[Source data]
◆ ◆ ◆ ◆ ◆
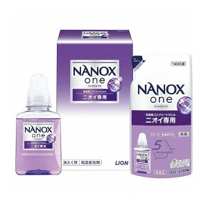 【商品特徴】部屋干し臭が気になる方へおすすめ。【箱サイズ(cm)】12.7×6.5×23.9cm【現品サイズ・内容】380gナノックスワンニオイ専用1本・280gナノックスワンニオイ専用(詰替用)1個...
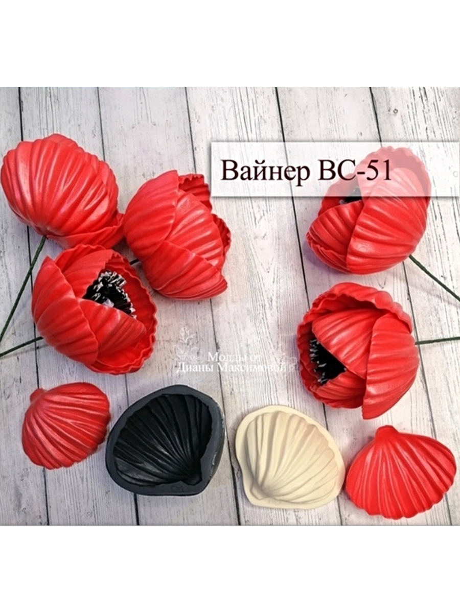 Молды для цветов из изолона и фоамирана используется для придания формы и фактуры листьям и лепесткам. После применения фактурного молда, листва становится максимально похожа на живую. Молд изготовлен из прочного полиуретана, не ломается. Вайнер изготовлен из пищевого силикона. Подходят для многократного использования. Чтобы на фоамиране или изолоне получился четкий отпечаток, его необходимо предварительно нагреть с помощью фена или утюга. Наличие пористости не является браком, так как не нарушает фактуры отпечатка на фоамиране и изолоне. Молды для творчества можно применять при рукоделии цветов и листьев розы ириса лилии тюльпана пиона гортензии ромашки пиона георгина чашелистика эпоксидной смолы свечей мыла шоколада. Авторский вайнер ВС-51 состоит из двух частей: Часть А (в пластике): 6,3 х 7,2 см, обратная часть – часть Б (в силиконе): 6,3 х 7,1 см. *цветок +-9 см. Авторский дизайн. Создан Максимовой Д.В «MD-mold» Свидетельство № 023-014870 от 10 мая 2023 г.
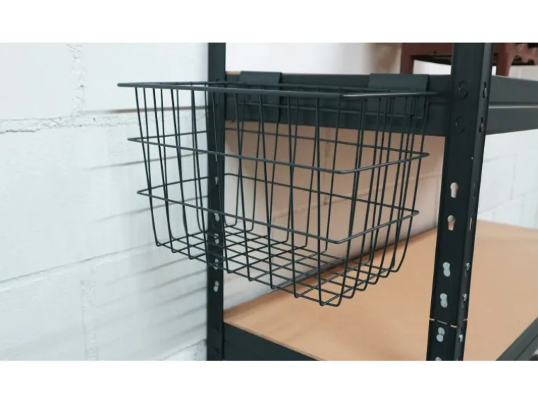Der Rivet Stahlgitter Korb Anthrazit Grau wird an die längs oder Quertraversen der Rivet Regale aufgehängt.
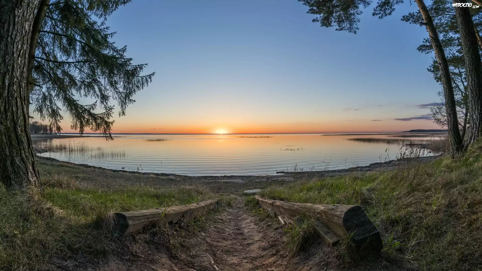 Zdjęcia, Zachód słońca, Jezioro, Drzewa
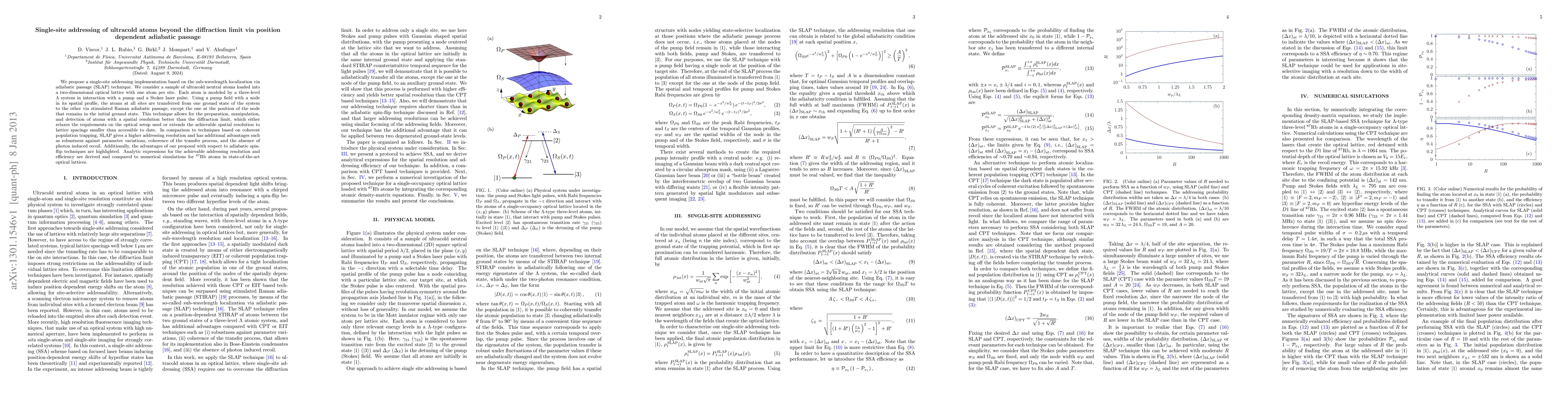 This paper proposes a novel technique called sub-wavelength localization via adiabatic passage (SLAP) for single-site addressing of ultracold atoms, surpassing the diffraction limit. SLAP uses stimulated Raman adiabatic passage to manipulate atoms in a two-dimensional optical lattice, achieving higher resolution and robustness compared to coherent population trapping methods.
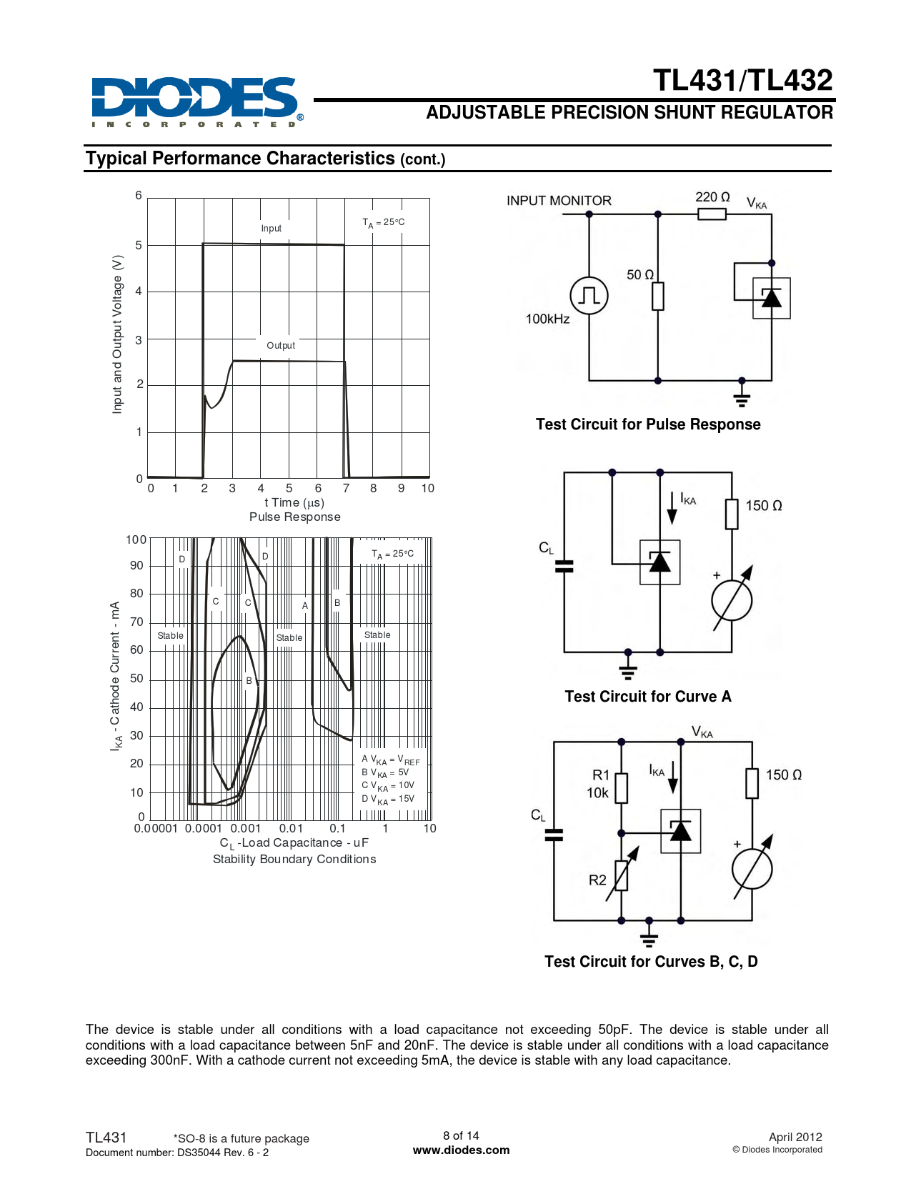 The device is stable under all conditions with a load capacitance not exceeding 50pF. The device is stable under all conditions with a load capacitance between 5nF and 20nF. The device is stable under all conditions with a load capacitance exceeding 300nF. With a cathode current not exceeding 5mA, the device is stable with any load capacitance. TL431 *SO-8 is a future package 8 of 14 April 2012 Document number: DS35044 Rev. 6 - 2
◆ ◆ ◆ ◆ ◆
Directions.
The job here is to write out the records exactly, pictures excluded.

Task output.
 【商品特徴】部屋干し臭が気になる方へおすすめ。【箱サイズ(cm)】12.7×6.5×23.9cm【現品サイズ・内容】380gナノックスワンニオイ専用1本・280gナノックスワンニオイ専用(詰替用)1個...
 Молды для цветов из изолона и фоамирана используется для придания формы и фактуры листьям и лепесткам. После применения фактурного молда, листва становится максимально похожа на живую. Молд изготовлен из прочного полиуретана, не ломается. Вайнер изготовлен из пищевого силикона. Подходят для многократного использования. Чтобы на фоамиране или изолоне получился четкий отпечаток, его необходимо предварительно нагреть с помощью фена или утюга. Наличие пористости не является браком, так как не нарушает фактуры отпечатка на фоамиране и изолоне. Молды для творчества можно применять при рукоделии цветов и листьев розы ириса лилии тюльпана пиона гортензии ромашки пиона георгина чашелистика эпоксидной смолы свечей мыла шоколада. Авторский вайнер ВС-51 состоит из двух частей: Часть А (в пластике): 6,3 х 7,2 см, обратная часть – часть Б (в силиконе): 6,3 х 7,1 см. *цветок +-9 см. Авторский дизайн. Создан Максимовой Д.В «MD-mold» Свидетельство № 023-014870 от 10 мая 2023 г.
Der Rivet Stahlgitter Korb Anthrazit Grau wird an die längs oder Quertraversen der Rivet Regale aufgehängt.
 Zdjęcia, Zachód słońca, Jezioro, Drzewa
 This paper proposes a novel technique called sub-wavelength localization via adiabatic passage (SLAP) for single-site addressing of ultracold atoms, surpassing the diffraction limit. SLAP uses stimulated Raman adiabatic passage to manipulate atoms in a two-dimensional optical lattice, achieving higher resolution and robustness compared to coherent population trapping methods.
 The device is stable under all conditions with a load capacitance not exceeding 50pF. The device is stable under all conditions with a load capacitance between 5nF and 20nF. The device is stable under all conditions with a load capacitance exceeding 300nF. With a cathode current not exceeding 5mA, the device is stable with any load capacitance. TL431 *SO-8 is a future package 8 of 14 April 2012 Document number: DS35044 Rev. 6 - 2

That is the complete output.